The breast to which the KFC sign refers is a KFC chicken breast -- IMO, they are all small, but YMMV.


----------



## Bogy (Mar 23, 2002)

Nick has always said he likes small breasts. How many mouthfuls to a KFC breast, Nick?


----------



## ntexasdude (Jan 23, 2005)

Bogy said:


> Nick has always said he likes small breasts. How many mouthfuls to a KFC breast, Nick?


I think it depends on how big your mouth is. My great dane has a huge mouth.

BTW - this pic was circulated years ago on the email rounds.


----------



## Nick (Apr 23, 2002)

ntexasdude said:


> - this pic was circulated years ago on the email rounds.


"Years ago?" So, what's your point, Robert?

Do you seriously think that everything posted in this forum should not have been posted if there's a possibility it may have been posted before? What about those of us who may not have not seen the KFC picture before, or those of us who may have seen it "years ago" but had forgotten about it?

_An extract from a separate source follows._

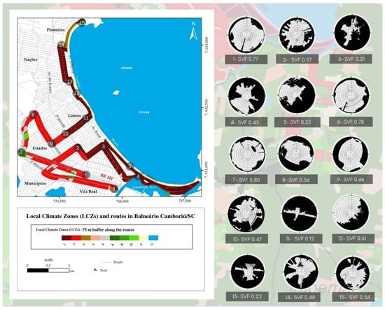 The map of the LCZs available in the city of Balneário Camboriú was obtained through the WUDAPT []. With the images taken by the “fisheye” lens and later using the RayMan Pro program, it was possible to obtain the SVF calculations. Both results are available in Figure 7.

Truth is, there is very little that is new on the internet and unless someone hasn't seen it before, then it is new to them. A friend sent the picture to me, I got a chuckle out of it and I wanted to share that chuckle with others here who may not have seen it before.

There are just a few of us who regularly contribute to this forum, but many others come here for a laugh or two, including you. Just because there's a chance you have may have seen a picture or heard a joke before, should we not post it? If you'll send us a list of all the jokes and pics you've ever seen before, we'll know not to share them in the future.


----------



## ntexasdude (Jan 23, 2005)

Sorry dad!


----------



## Laverne (Feb 17, 2005)

Nick said:


> Supposedly actual KFC sign, supposedly at a New York KFC.
> 
> Whether a Dem, Repub or Indie, you gotta love it! :lol:


I'm offended by a pic with a reference to small breasts. Who says _small_ breasts should get all the attention??


----------



## Nick (Apr 23, 2002)

Although I consider myself to be a small breast man, actually, when it comes to fried chicken, I prefer them to be plump and juicy (original recipe).


----------



## Bogy (Mar 23, 2002)

Nick said:


> Although I consider myself to be a small breast man, actually, when it comes to fried chicken, I prefer them to be plump and juicy (original recipe).


I like breasts that are plump and juicy, just as long as they don't have a lot of artificial additives.


----------



## tomcrown1 (Jan 16, 2006)

Bogy said:


> I like breasts that are plump and juicy, just as long as they don't have a lot of artificial additives.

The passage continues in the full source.